[Instructions to follow]: Every record below must be copied exactly, with images dropped.

(Data extracted from a collection)
BEGIN
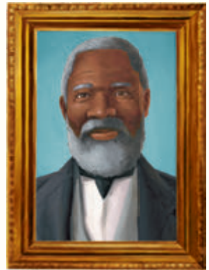
G R A N D - P È R E Cécile's loving grandfather, a retired sailor with many tales to tell
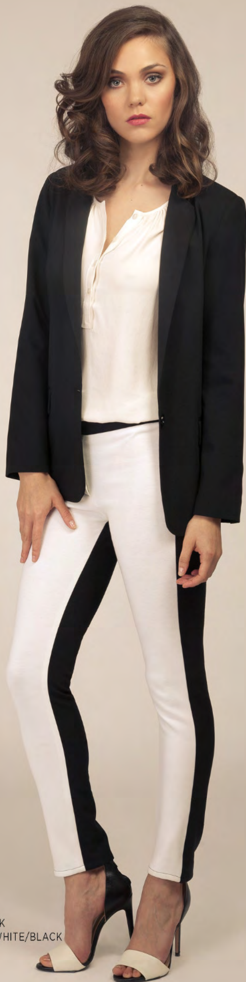
JACKET (SPECIAL ORDER) - i229 BLACK LEGGINGS (SPECIAL ORDER) - 1P020 WHITE/BLACK
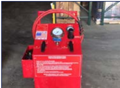
10K - 30K Hydrostatic Test Pumps
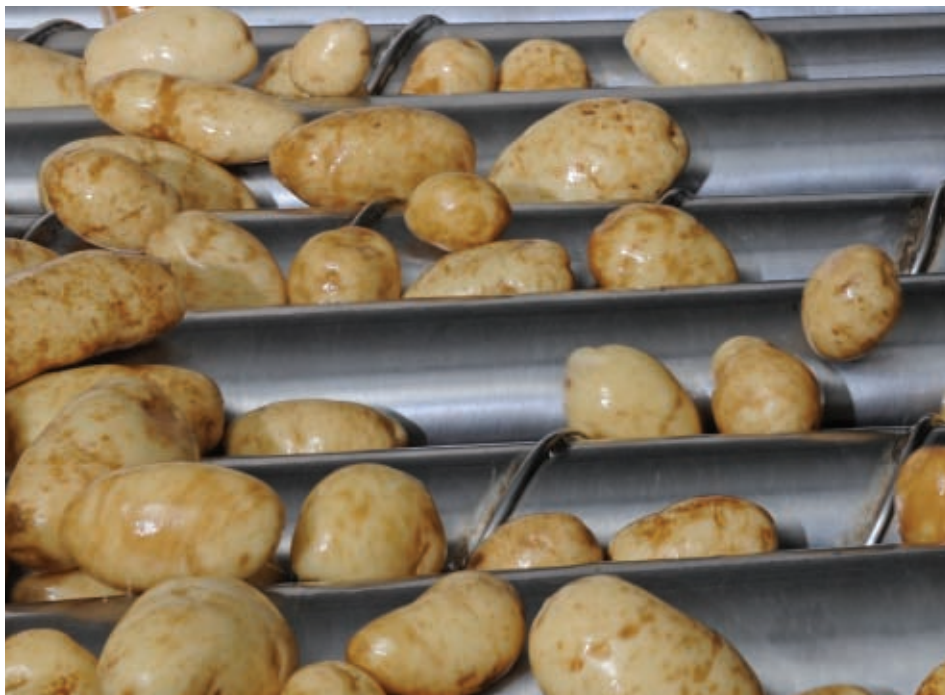
Eleven tapered rollers on this roll sizer machine drop clean potatoes by size into the appropriate flume, carrying them to the next step in the process. Before making the conversion to the Baldor•Dodge® ULTRA KLEEN product, bearings on both ends of the rollers were failing due to sealing issues.

“In the past, keeping this roll sizer up and running was a real challenge,” says Walters. “Unplanned downtime is costly in so many ways, and it’s also very disruptive to the planned preventive maintenance work that we do in the plant. With this problem solved, we can move to other improvement projects. Solving the problem has been a big win for us.”
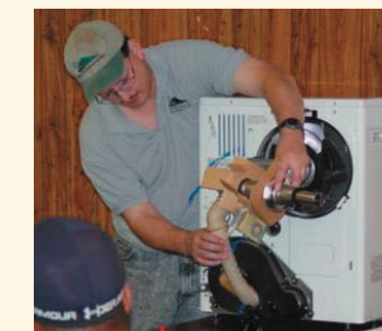
Direct-vent space heaters like this model manufactured by Monitor are good replacements for unvented space heaters.

Unvented space heaters are not allowed in mobile homes. Unvented space heaters found in mobile homes shall be replaced with direct-vent models. Pollutants and moisture in exhaust combustion gases are released by unvented space heaters into conditioned space. Moisture in the combustion gases condenses on cold surfaces, sacrificing the mobile home's durability.
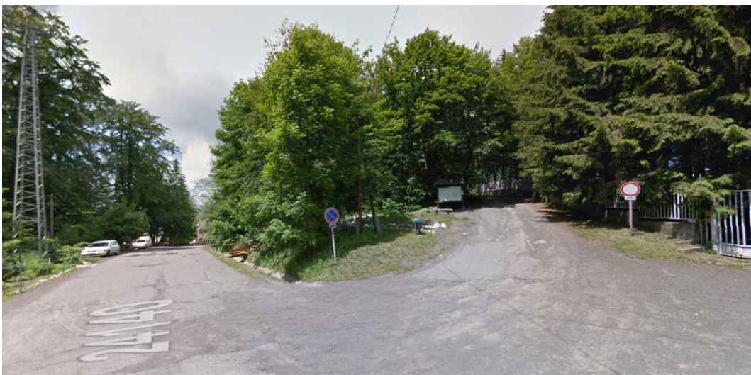
km16,7 – Rear view and entrance in the touristic zone
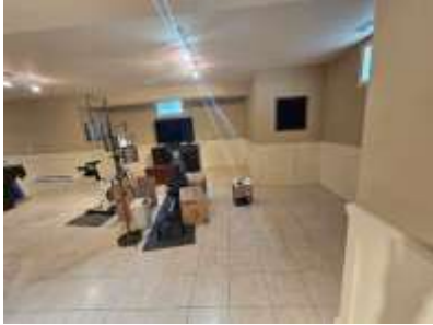
Pic. 34: Rec room
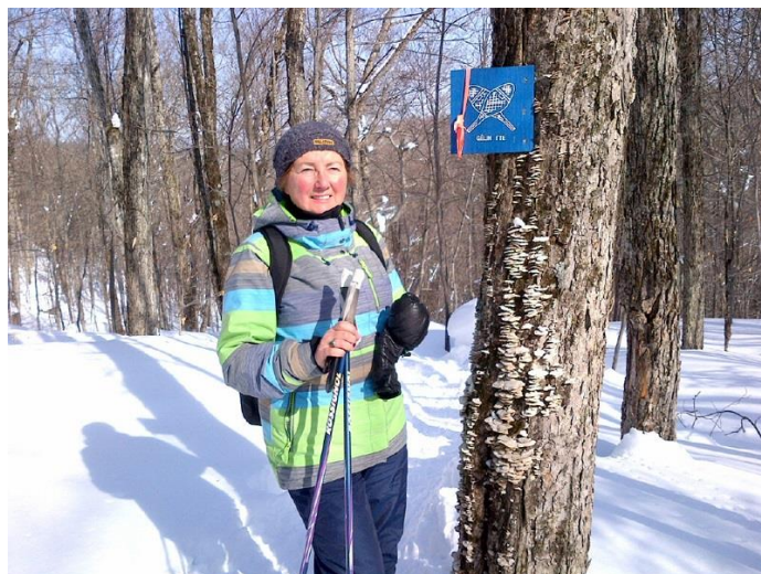
Feb. 2014 – Snowshoeing at Val David
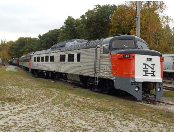
New Haven Budd RDC number 140, the Roger Williams Train, leased to the museum by Budd RDC Foundation and operated as a tourist train by Berkshire Scenic Valley Railway, Lennox, MA.
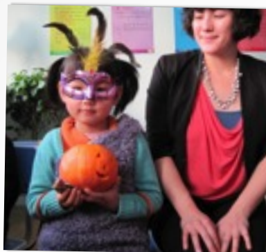
LIGAYA AND STUDENT
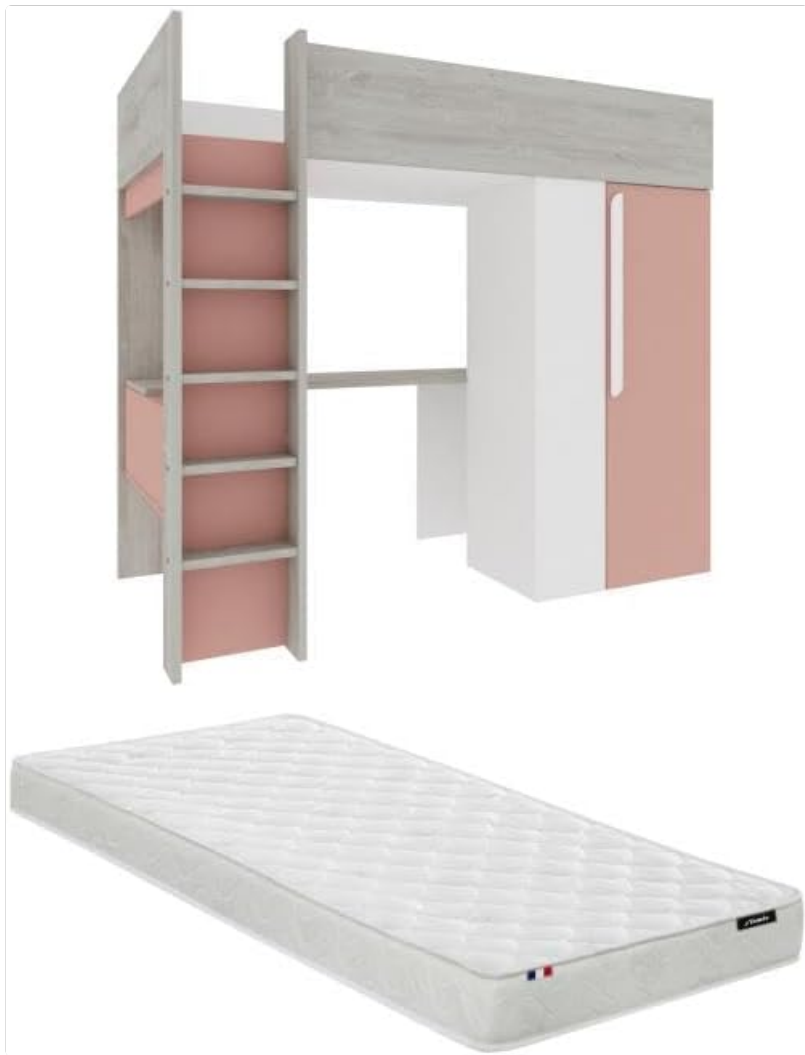
Image 6: The ZEUS Classic Mattress, included with the NICOLAS Loft Bed.
END
[Output of the task]:
G R A N D - P È R E Cécile's loving grandfather, a retired sailor with many tales to tell
JACKET (SPECIAL ORDER) - i229 BLACK LEGGINGS (SPECIAL ORDER) - 1P020 WHITE/BLACK
10K - 30K Hydrostatic Test Pumps
Eleven tapered rollers on this roll sizer machine drop clean potatoes by size into the appropriate flume, carrying them to the next step in the process. Before making the conversion to the Baldor•Dodge® ULTRA KLEEN product, bearings on both ends of the rollers were failing due to sealing issues.

“In the past, keeping this roll sizer up and running was a real challenge,” says Walters. “Unplanned downtime is costly in so many ways, and it’s also very disruptive to the planned preventive maintenance work that we do in the plant. With this problem solved, we can move to other improvement projects. Solving the problem has been a big win for us.”
Direct-vent space heaters like this model manufactured by Monitor are good replacements for unvented space heaters.

Unvented space heaters are not allowed in mobile homes. Unvented space heaters found in mobile homes shall be replaced with direct-vent models. Pollutants and moisture in exhaust combustion gases are released by unvented space heaters into conditioned space. Moisture in the combustion gases condenses on cold surfaces, sacrificing the mobile home's durability.
km16,7 – Rear view and entrance in the touristic zone
Pic. 34: Rec room
Feb. 2014 – Snowshoeing at Val David
New Haven Budd RDC number 140, the Roger Williams Train, leased to the museum by Budd RDC Foundation and operated as a tourist train by Berkshire Scenic Valley Railway, Lennox, MA.
LIGAYA AND STUDENT
Image 6: The ZEUS Classic Mattress, included with the NICOLAS Loft Bed.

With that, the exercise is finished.